Your objective: In the listing below, find the line containing "26. Remove eight" and the line containing "Tânăr arestat de". Repeat exactly those two lines and every line between them.
··· Source records ···
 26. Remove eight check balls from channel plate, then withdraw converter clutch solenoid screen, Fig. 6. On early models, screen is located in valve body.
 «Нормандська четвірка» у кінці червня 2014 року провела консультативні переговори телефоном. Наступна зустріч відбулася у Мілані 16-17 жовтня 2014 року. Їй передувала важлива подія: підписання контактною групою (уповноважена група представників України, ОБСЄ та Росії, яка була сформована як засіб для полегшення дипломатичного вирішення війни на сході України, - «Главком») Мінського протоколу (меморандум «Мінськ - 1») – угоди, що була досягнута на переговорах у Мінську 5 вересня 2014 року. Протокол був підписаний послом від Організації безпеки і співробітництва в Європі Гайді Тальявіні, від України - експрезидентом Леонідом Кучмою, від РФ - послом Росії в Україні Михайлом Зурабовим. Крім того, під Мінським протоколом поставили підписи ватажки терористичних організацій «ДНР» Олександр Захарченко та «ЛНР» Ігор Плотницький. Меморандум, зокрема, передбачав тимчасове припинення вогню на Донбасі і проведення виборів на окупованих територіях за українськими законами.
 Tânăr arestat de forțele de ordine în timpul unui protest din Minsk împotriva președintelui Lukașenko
···
··· Source records ···
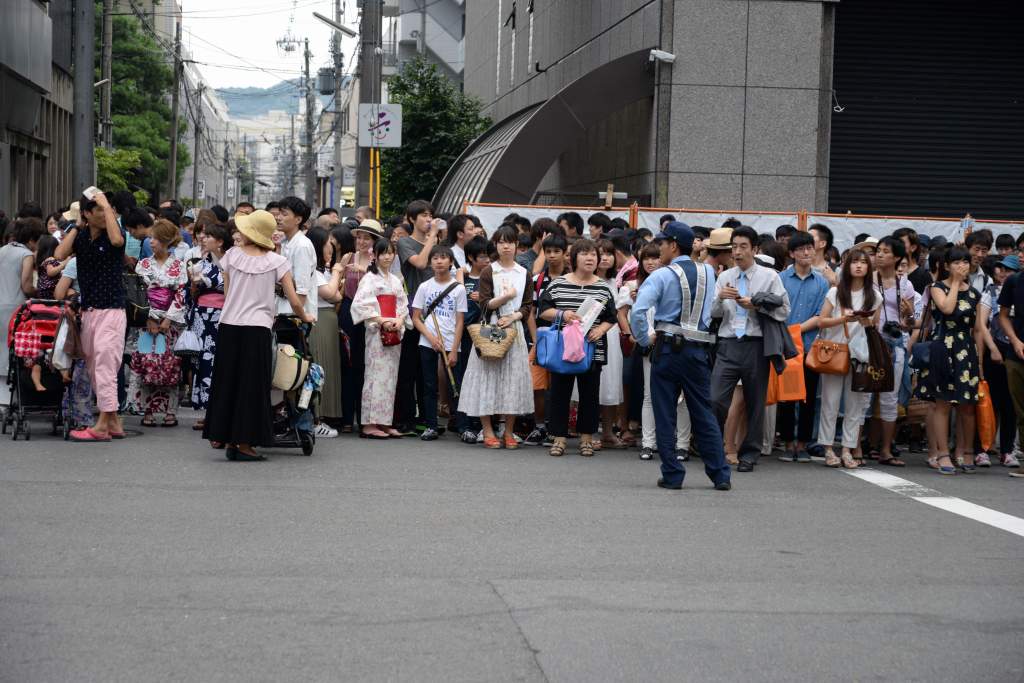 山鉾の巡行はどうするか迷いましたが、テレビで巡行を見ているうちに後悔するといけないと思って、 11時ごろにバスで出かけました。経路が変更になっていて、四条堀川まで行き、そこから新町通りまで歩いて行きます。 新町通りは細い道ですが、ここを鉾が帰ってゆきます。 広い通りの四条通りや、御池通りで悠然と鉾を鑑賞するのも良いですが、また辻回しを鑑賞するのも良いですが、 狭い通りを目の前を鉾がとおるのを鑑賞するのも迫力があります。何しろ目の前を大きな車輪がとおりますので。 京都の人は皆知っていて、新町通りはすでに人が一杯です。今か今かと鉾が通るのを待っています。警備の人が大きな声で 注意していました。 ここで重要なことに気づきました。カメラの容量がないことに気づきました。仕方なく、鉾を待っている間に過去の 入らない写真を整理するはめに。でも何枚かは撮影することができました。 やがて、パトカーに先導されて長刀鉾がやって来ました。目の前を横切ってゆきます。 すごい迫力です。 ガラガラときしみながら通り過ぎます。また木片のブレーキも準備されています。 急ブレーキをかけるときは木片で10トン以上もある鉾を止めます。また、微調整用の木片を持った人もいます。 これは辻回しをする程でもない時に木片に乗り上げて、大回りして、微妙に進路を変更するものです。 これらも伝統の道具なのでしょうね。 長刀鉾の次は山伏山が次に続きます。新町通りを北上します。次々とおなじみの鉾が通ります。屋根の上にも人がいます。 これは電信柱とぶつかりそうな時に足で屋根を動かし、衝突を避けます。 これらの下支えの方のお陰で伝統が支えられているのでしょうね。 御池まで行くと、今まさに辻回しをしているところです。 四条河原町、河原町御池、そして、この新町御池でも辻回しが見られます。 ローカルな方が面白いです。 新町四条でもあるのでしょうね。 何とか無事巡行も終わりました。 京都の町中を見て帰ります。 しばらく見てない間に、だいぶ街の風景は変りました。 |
···
··· Source records ···
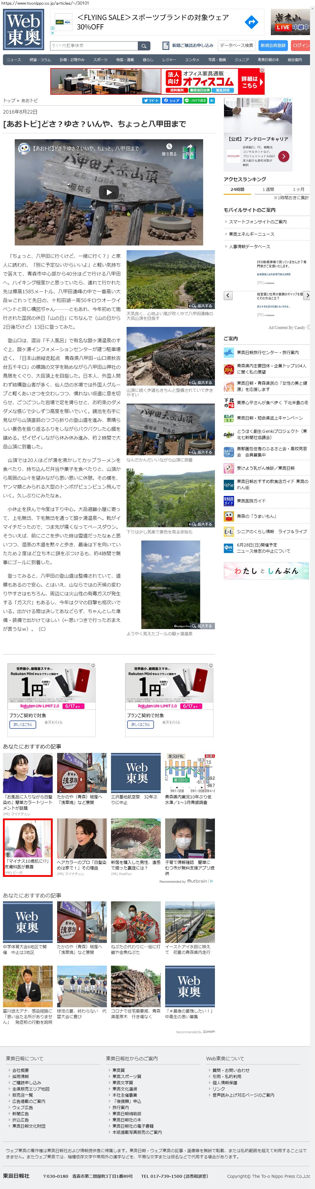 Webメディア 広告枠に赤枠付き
···
Task result:
 26. Remove eight check balls from channel plate, then withdraw converter clutch solenoid screen, Fig. 6. On early models, screen is located in valve body.
 «Нормандська четвірка» у кінці червня 2014 року провела консультативні переговори телефоном. Наступна зустріч відбулася у Мілані 16-17 жовтня 2014 року. Їй передувала важлива подія: підписання контактною групою (уповноважена група представників України, ОБСЄ та Росії, яка була сформована як засіб для полегшення дипломатичного вирішення війни на сході України, - «Главком») Мінського протоколу (меморандум «Мінськ - 1») – угоди, що була досягнута на переговорах у Мінську 5 вересня 2014 року. Протокол був підписаний послом від Організації безпеки і співробітництва в Європі Гайді Тальявіні, від України - експрезидентом Леонідом Кучмою, від РФ - послом Росії в Україні Михайлом Зурабовим. Крім того, під Мінським протоколом поставили підписи ватажки терористичних організацій «ДНР» Олександр Захарченко та «ЛНР» Ігор Плотницький. Меморандум, зокрема, передбачав тимчасове припинення вогню на Донбасі і проведення виборів на окупованих територіях за українськими законами.
 Tânăr arestat de forțele de ordine în timpul unui protest din Minsk împotriva președintelui Lukașenko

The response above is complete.